EXERCISE: Would you return, word for word, the lines of the data below from the line with "自販機バーガー会社は、他社の味を研究して、「人の味を見て我が味を知」った方がいいと思う。 98.12.19 ![]()" through the line with "FULL(AC/オート,CD", and no others?

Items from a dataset
• • • •

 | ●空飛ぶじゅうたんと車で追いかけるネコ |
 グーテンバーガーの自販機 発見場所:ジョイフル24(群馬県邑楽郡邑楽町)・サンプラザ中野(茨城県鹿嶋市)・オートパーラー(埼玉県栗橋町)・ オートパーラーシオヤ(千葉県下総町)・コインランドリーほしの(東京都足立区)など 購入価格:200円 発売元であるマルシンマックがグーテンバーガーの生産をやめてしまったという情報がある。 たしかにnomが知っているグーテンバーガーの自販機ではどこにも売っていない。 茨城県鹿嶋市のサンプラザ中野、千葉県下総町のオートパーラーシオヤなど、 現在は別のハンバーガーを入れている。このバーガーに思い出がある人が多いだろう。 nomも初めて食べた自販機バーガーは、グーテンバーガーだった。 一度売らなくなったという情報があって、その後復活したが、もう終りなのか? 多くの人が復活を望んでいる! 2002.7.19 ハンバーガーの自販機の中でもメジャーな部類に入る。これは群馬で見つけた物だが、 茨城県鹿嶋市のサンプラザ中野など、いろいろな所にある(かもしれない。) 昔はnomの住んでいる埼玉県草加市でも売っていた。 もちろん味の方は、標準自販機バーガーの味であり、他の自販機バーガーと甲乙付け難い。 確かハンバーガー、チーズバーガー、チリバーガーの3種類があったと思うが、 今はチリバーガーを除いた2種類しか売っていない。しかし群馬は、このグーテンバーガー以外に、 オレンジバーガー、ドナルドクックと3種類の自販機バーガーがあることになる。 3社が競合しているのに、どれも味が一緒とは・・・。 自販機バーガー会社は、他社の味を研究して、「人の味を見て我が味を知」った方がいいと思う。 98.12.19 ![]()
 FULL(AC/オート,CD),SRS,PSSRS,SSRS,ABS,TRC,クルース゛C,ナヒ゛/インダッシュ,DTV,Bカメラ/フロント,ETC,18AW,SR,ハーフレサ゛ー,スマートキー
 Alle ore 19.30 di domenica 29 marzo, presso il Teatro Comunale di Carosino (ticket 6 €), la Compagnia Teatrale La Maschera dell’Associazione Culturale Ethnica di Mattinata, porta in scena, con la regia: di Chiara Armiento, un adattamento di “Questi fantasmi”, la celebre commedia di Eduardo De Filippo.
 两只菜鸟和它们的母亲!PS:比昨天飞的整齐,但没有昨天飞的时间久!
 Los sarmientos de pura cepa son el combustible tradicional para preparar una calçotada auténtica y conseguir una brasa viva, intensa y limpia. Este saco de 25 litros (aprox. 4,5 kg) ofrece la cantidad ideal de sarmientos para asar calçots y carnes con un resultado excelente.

• • • •

WRITTEN ANSWER:
 グーテンバーガーの自販機 発見場所:ジョイフル24(群馬県邑楽郡邑楽町)・サンプラザ中野(茨城県鹿嶋市)・オートパーラー(埼玉県栗橋町)・ オートパーラーシオヤ(千葉県下総町)・コインランドリーほしの(東京都足立区)など 購入価格:200円 発売元であるマルシンマックがグーテンバーガーの生産をやめてしまったという情報がある。 たしかにnomが知っているグーテンバーガーの自販機ではどこにも売っていない。 茨城県鹿嶋市のサンプラザ中野、千葉県下総町のオートパーラーシオヤなど、 現在は別のハンバーガーを入れている。このバーガーに思い出がある人が多いだろう。 nomも初めて食べた自販機バーガーは、グーテンバーガーだった。 一度売らなくなったという情報があって、その後復活したが、もう終りなのか? 多くの人が復活を望んでいる! 2002.7.19 ハンバーガーの自販機の中でもメジャーな部類に入る。これは群馬で見つけた物だが、 茨城県鹿嶋市のサンプラザ中野など、いろいろな所にある(かもしれない。) 昔はnomの住んでいる埼玉県草加市でも売っていた。 もちろん味の方は、標準自販機バーガーの味であり、他の自販機バーガーと甲乙付け難い。 確かハンバーガー、チーズバーガー、チリバーガーの3種類があったと思うが、 今はチリバーガーを除いた2種類しか売っていない。しかし群馬は、このグーテンバーガー以外に、 オレンジバーガー、ドナルドクックと3種類の自販機バーガーがあることになる。 3社が競合しているのに、どれも味が一緒とは・・・。 自販機バーガー会社は、他社の味を研究して、「人の味を見て我が味を知」った方がいいと思う。 98.12.19 ![]()
 FULL(AC/オート,CD),SRS,PSSRS,SSRS,ABS,TRC,クルース゛C,ナヒ゛/インダッシュ,DTV,Bカメラ/フロント,ETC,18AW,SR,ハーフレサ゛ー,スマートキー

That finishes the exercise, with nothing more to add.